The fully functioning pasta-making zone can be seen from the street, and also greets diners upon entry.


Recycled lighting has also been used to good effect with a number of vintage Anglepoise lamps scattered about. The primary lighting, however, comprises bespoke wall and pendant lamps by Carl Dolan, which have been created in two versions for use in the dining and pasta-making areas. These are rounded out by a higher row of pendant spun reflector lamps in blackened copper from Davey Lighting, also responsible for the various versions of industrial shipping lamps used throughout. Contradicting the industrial whole, a glamorous mid-century knit glass chandelier has been used as the primary booth lighting both to highlight and contain the booth as a private world tucked below the stairs. Rather charmingly, the antipasto bar is lit by Jam Jar pendant lamps.

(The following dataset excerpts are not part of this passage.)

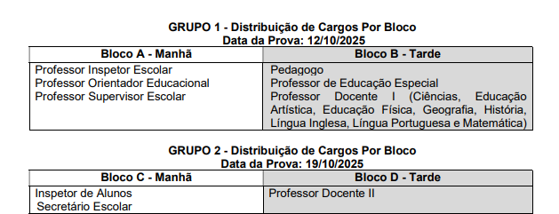 - Professor Docente I (Ciências, Educação Artística, Educação Física, Geografia, História, Língua Inglesa, Língua Portuguesa e Matemática);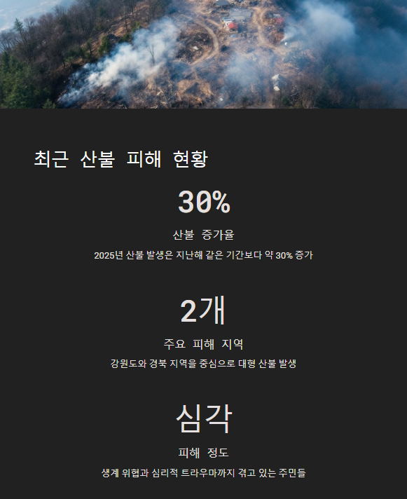 산림청 자료에 따르면, 2025년 들어 전국적으로 발생한 산불은 지난해 같은 기간보다 약 30% 증가했다고 해요. 😱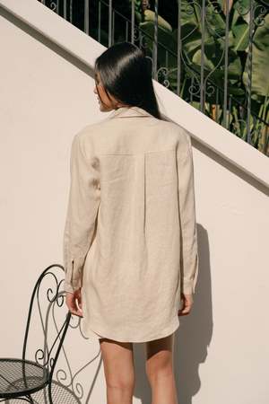 Unleash your playful side with the Denise Top in linen. This oversized button down shirt/dress offers comfort and style in one unique piece. Perfect for a casual day out or a trendy addition to your wardrobe. Who says fashion can't be fun?! Final Sale. Sorry, no exchanges or returns.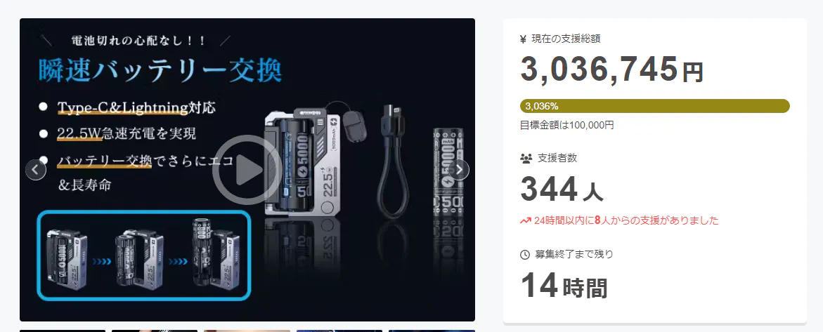 「瞬速バッテリー交換&2WAY充電対応!パワフルな22.5W双方向充電器」プロジェクトへのたくさんのご支援、誠にありがとうございます。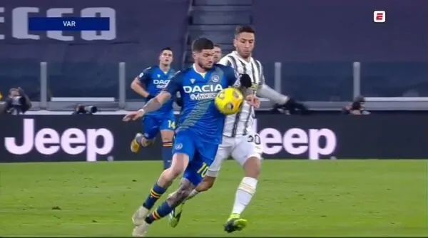 “Il gol dell’Udinese annullato per tocco di mano fortuito nella costruzione, l’anno scorso era irregolare. Ma quest’anno hanno cambiato: si valuta influente il tocco di mano fortuito solo nell’immediatezza del gol, quindi era da convalidare il gol. Qui @LucaMarelli72“
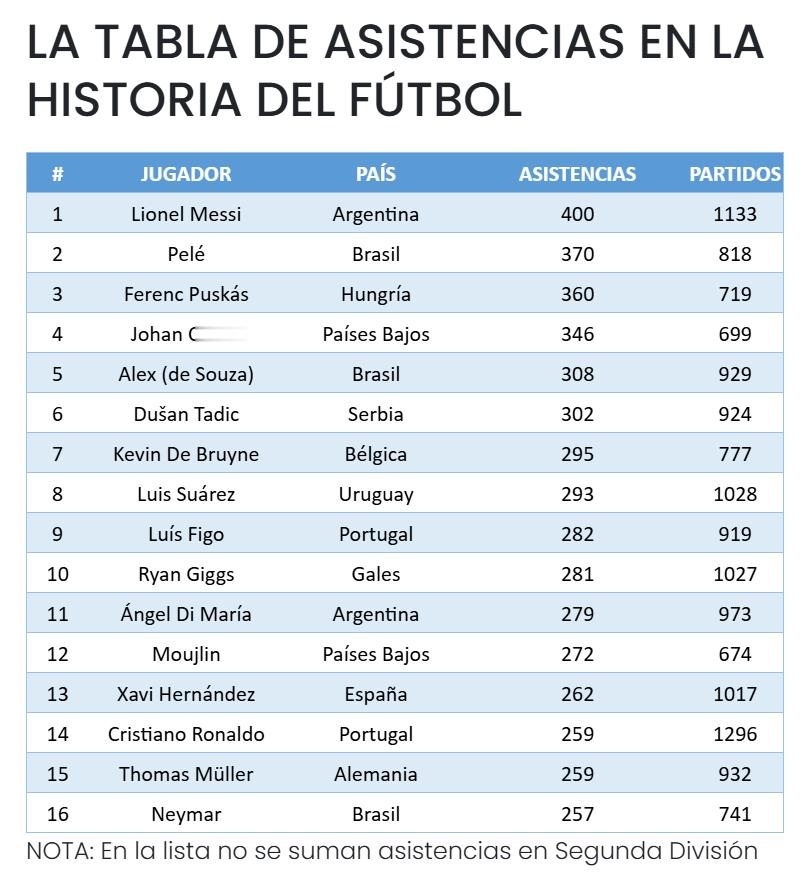 ⚠️梅西400次助攻历史第一有争议?近日,美职联官方在X上发布了一个帖子,称梅西正接近助攻历史第一人普斯卡什的404次记录。然而,该帖子很快被众多网友指出存在统计错误,随后也被标记补充说明:普斯卡什的404次助攻是基于历史估算数据,因为正式助攻统计始于上世纪90年代,而梅西的400次助攻则是在现代足球中,按Opta标准记录下的最高数据。(图1)针对相关争议,阿根廷媒体《elgrafico》专门向足球历史数据专家戴维·桑切斯求证。桑切斯明确表示,普斯卡什的404次助攻实际上是估算值,经过核实,其真实助攻数只有360次。(图2)另外,在美职联发布的这条推文中,只有梅西的数据是按照Opta标准来统计,其他人都是非Opta标准,若采用非Opta标准来统计,梅西的助攻数应为479次,甚至部分数据统计机构显示梅西的助攻数高达505次。🔝足坛历史助攻榜(以Opta的统计标准,不包含乙级联赛数据):1️⃣ 400次 梅西(1133场)2️⃣ 370次 贝利(818场)3️⃣ 360次 普斯卡什(719场)4️⃣ 346次 克鲁伊夫(699场)5️⃣ 308次 亚历克斯·德索萨(929场)6️⃣ 302次 杜尚·塔迪奇(924场)7️⃣ 295次 德布劳内(777场)8️⃣ 293次 苏亚雷斯(1028场)9️⃣ 282次 菲戈(919场)🔟 281次 吉格斯(1027场)即便有争议,那也只是暂时的,4次助攻的差距,相信梅西很快就会成为毫无争议的助攻历史第一人。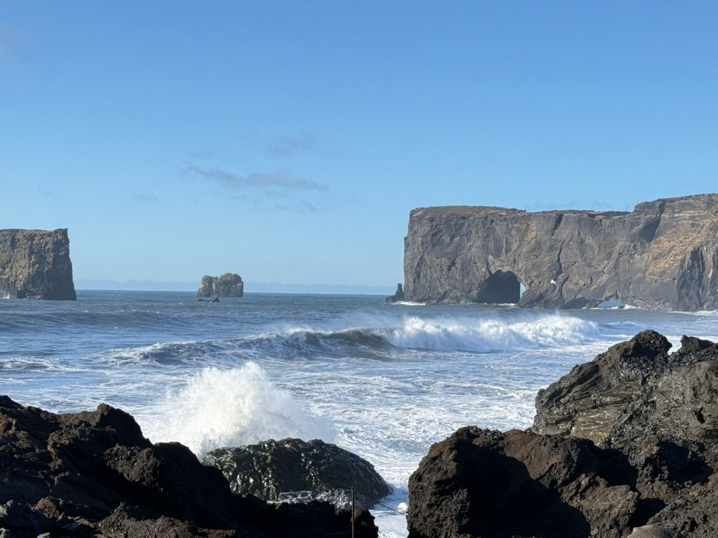 Day 6 started with a visit to the southern most tip of Iceland. We arrived to black beaches, gigantic waves, and ocean that seemed to go on forever. Behind this beautiful scenery were sneaker waves that would seem to grow in size as they got closer to the shore and drag you out the way they came. Even from the cliffs we could hear the force caused by these waves. When we turned around we could really get an idea of how scenic Iceland was. To our front were black sand beaches and behind us were snowy mountains and a volcano that could erupt at any time. After our trip to the southern tip of Iceland, we headed to a geothermal power plant. While there they let us tour their facility and take a look at where they took out the hot water to produce energy and hot water. After our tour of the geothermal power plant, we went to our new hotel in Reykjavik. We all went to unpack our bags and head out for dinner which we had scheduled a couple night before. I got some tiger shrimp that I couldn’t get enough of. After dinner, we celebrated a couple of our classmates birthdays with marshmallow covered chocolate and candies. Then we all headed back to our hotel to finish off the day.
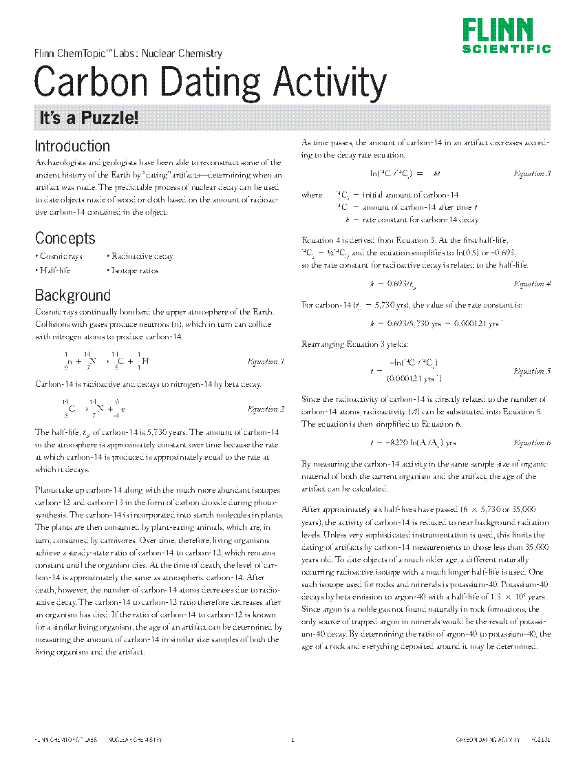 Carbon Dating Activity It’s a Puzzle!—ChemTopic™ Lab Activity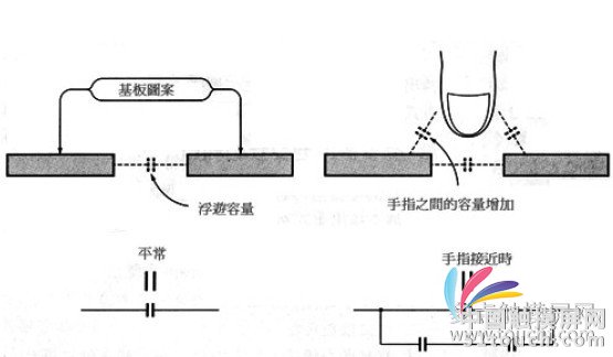 圖4(d)呈現(xiàn)的鋸齒狀為滑塊用,它可以感測手指處于水平方向的方位,應用在類似MP3等歌曲點播、音量調(diào)整,要求以手指橫向操作的產(chǎn)品上。而電容式觸控感測的運作方式如下:

The kitchen is presented as an open and theatrical extension that complements – in black, white and grey – the eclectic mix of industrial, natural and high colour toned elements explored in the dining areas. Tile is used to a large extent, with polished steel and copper lifting the whole. Interestingly, while the openness of the kitchen is theatrical, it is not overwhelmingly so. Its location at the far end of the restaurant dissuades constant viewing; rather, the journey to the bathroom or when transitioning from floor to floor is greeted by a visual feast of activity. Very nicely done.

Italianate tiles on the front of the bar and the entrance chandelier plays off against the slightly industrial feel of the overall interior.


The bathrooms are perhaps the most masculine of entrants to the genre. Entirely clad in sage green, vertically placed 150mm x75mm  Olde English Tiles are lit by industrial caged lights and boast not much more than stark, square basins and unadorned mirrors. The toilets verge on the English, despite our dual flush regulations disallowing the pull cord variety used in other Jamie’s. This little glitch aside, their design is not only a cool respite, but also a dramatic welcome to a London-type environment that again signals the Jamie’s brand.

What makes the interpretation work is that it incorporates a contemporary Australian approach to dining, while reflecting the brand’s international identity. The shared elements of lighting and tiles are sufficiently stand-alone to give credence to an individual style, while the introduced elements, such as the bright seating, give the restaurant its own signature. Where peckvonhartel has excelled, however, is in the creation of a structural frame that will easily transition and support change through the interior’s life. Effectively, this will allow the restaurant to renew and reinvent itself as need dictates.